- YOUR GOAL
Your task is to repeat exactly the lines below between the line holding "速回收App快速估价、专业质" and the line holding "2010 Hitachi ZX135US-3", inclusive, and only those.

- GIVEN DATA
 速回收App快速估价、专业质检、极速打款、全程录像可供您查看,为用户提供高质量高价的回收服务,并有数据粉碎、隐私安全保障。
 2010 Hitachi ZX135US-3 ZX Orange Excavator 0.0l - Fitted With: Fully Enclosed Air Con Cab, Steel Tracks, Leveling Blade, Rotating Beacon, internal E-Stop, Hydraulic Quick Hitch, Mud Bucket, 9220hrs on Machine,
...
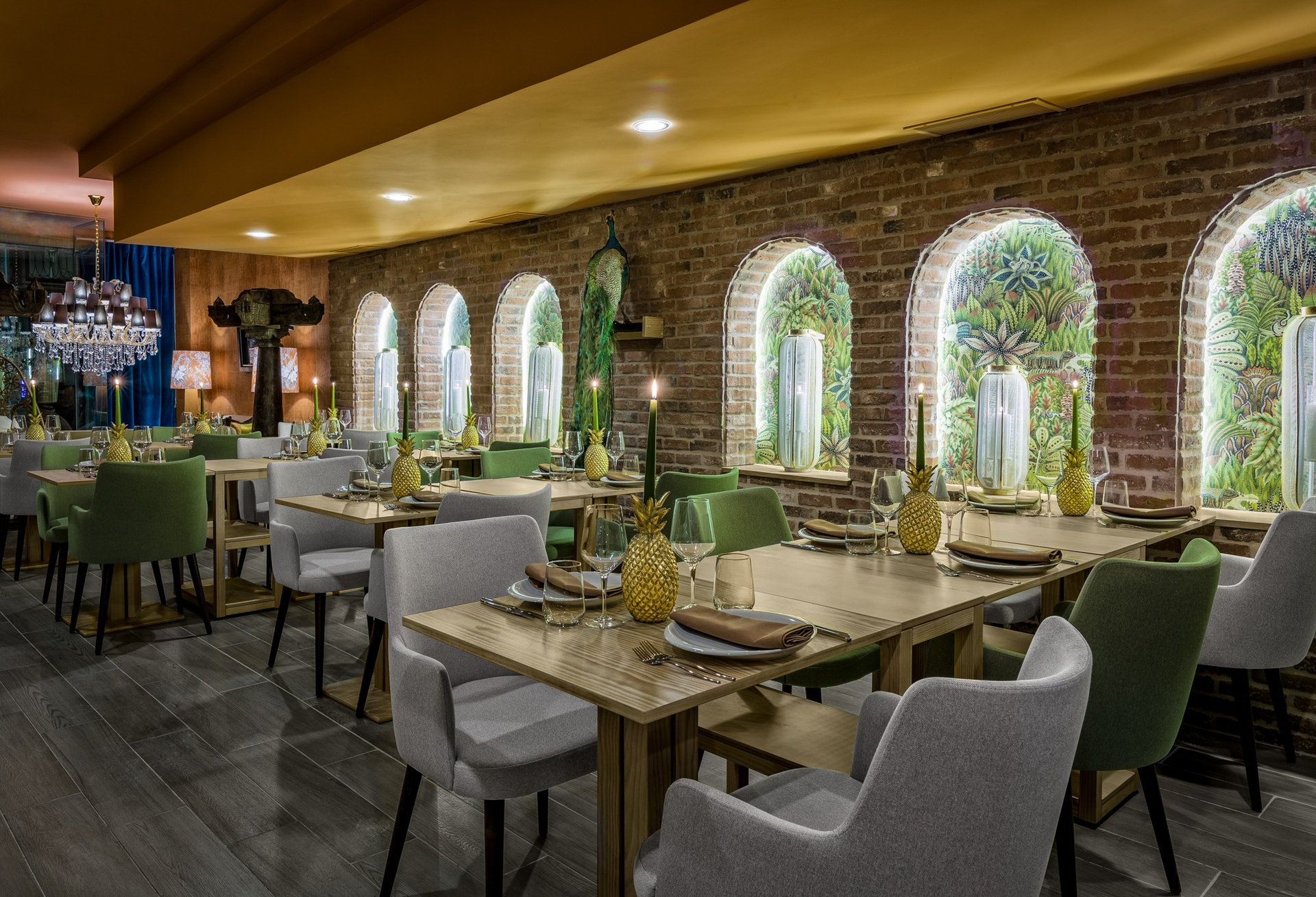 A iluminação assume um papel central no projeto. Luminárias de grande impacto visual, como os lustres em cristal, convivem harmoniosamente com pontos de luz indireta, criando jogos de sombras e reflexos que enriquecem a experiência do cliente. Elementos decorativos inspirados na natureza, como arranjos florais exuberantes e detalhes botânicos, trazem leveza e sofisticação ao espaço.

- TASK SOLUTION
 速回收App快速估价、专业质检、极速打款、全程录像可供您查看,为用户提供高质量高价的回收服务,并有数据粉碎、隐私安全保障。
 2010 Hitachi ZX135US-3 ZX Orange Excavator 0.0l - Fitted With: Fully Enclosed Air Con Cab, Steel Tracks, Leveling Blade, Rotating Beacon, internal E-Stop, Hydraulic Quick Hitch, Mud Bucket, 9220hrs on Machine,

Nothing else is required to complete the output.